Petugas imigrasi mencurigai Tan ketika ia gagal melewati jalur otomatis. Pemeriksaan lanjutan mengungkap identitas aslinya dan status buron yang melekat padanya sejak 2003. Tan langsung ditahan dan diserahkan kepada kepolisian. Kasus ini menjadi pengingat bahwa teknologi biometrik yang diterapkan Singapura mampu menembus berbagai upaya penyamaran identitas.
Kronologi kasus ini bermula pada Agustus 2002, ketika Tan terbukti menipu Dewan Produktivitas dan Standar Singapura (saat itu) hingga mengucurkan dana hibah sebesar S$195.800 (sekitar Rp2,2 miliar) melalui Skema Bantuan Teknis Perusahaan Lokal. Ia mengajukan banding atas vonis 18 bulan penjara, namun memilih melarikan diri ketimbang menjalani proses hukum. Investigasi mengungkap bahwa Tan meninggalkan Singapura secara ilegal antara Agustus 2002 dan Januari 2003 menggunakan perahu nelayan, dengan rute pelarian melalui Pasir Gudang, Malaysia, kemudian Thailand, dan berakhir di Jakarta.
Selama dalam pelarian, Tan tidak pernah benar-benar memutus hubungan dengan Singapura. Ia tercatat beberapa kali masuk dan keluar negeri itu dengan memanfaatkan paspor Indonesia palsu. Dalam formulir kedatangan, ia bahkan dengan berani menyatakan tidak pernah menggunakan nama lain saat memasuki Singapura. Perilaku nekat ini akhirnya menjadi bumerang ketika sistem biometrik yang diperkuat sejak 2020 berhasil mengendus kejanggalan pada data dirinya.
Bagi Indonesia, kasus ini menyoroti celah keamanan yang mungkin masih ada dalam penerbitan paspor.

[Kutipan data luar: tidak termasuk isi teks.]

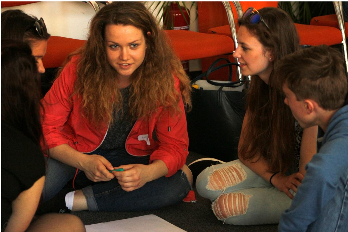
A workshop for secondary school students.

The project called Context – Global Problems Viewed by Each Individual - finished in 2017, having lasted for three years. Its aim was to support teachers in integrating the development principles and topics into their lessons at basic schools and to improve the children's as well as the public's awareness of global development issues. To round off the project, we organized a GDE round table for the wider public, which served as an opportunity to sum up the experience gained through the project and to discuss further support of GDE at Czech schools. To learn more go to www.ucimespolu.cz .
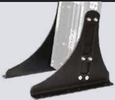
Deck Mount SW-06302

Meski Tan menggunakan paspor Indonesia, dugaan pemalsuan identitas semacam ini bisa menjadi perhatian bagi Direktorat Jenderal Imigrasi untuk terus memperketat validasi data. Di sisi lain, kerja sama internasional dalam pertukaran data penegakan hukum menjadi krusial untuk mencegah pelaku kejahatan lintas negara memanfaatkan celah birokrasi.
"Penerapan biometrik multimodal di seluruh pos pemeriksaan Singapura memberikan akurasi tinggi dalam mengautentikasi identitas pelancong dan memperkuat kemampuan kami menjaga perbatasan," demikian pernyataan resmi ICA dan Kepolisian Singapura.
ICA menegaskan akan mengambil tindakan tegas terhadap siapa pun yang mencoba masuk atau keluar Singapura dengan identitas palsu. Kasus Tan menjadi preseden bahwa teknologi dan analisis data mampu membongkar penyamaran yang telah berlangsung puluhan tahun. Pertanyaannya, apakah sistem serupa di negara-negara ASEAN lain sudah cukup mumpuni untuk menghadapi modus operandi yang semakin canggih?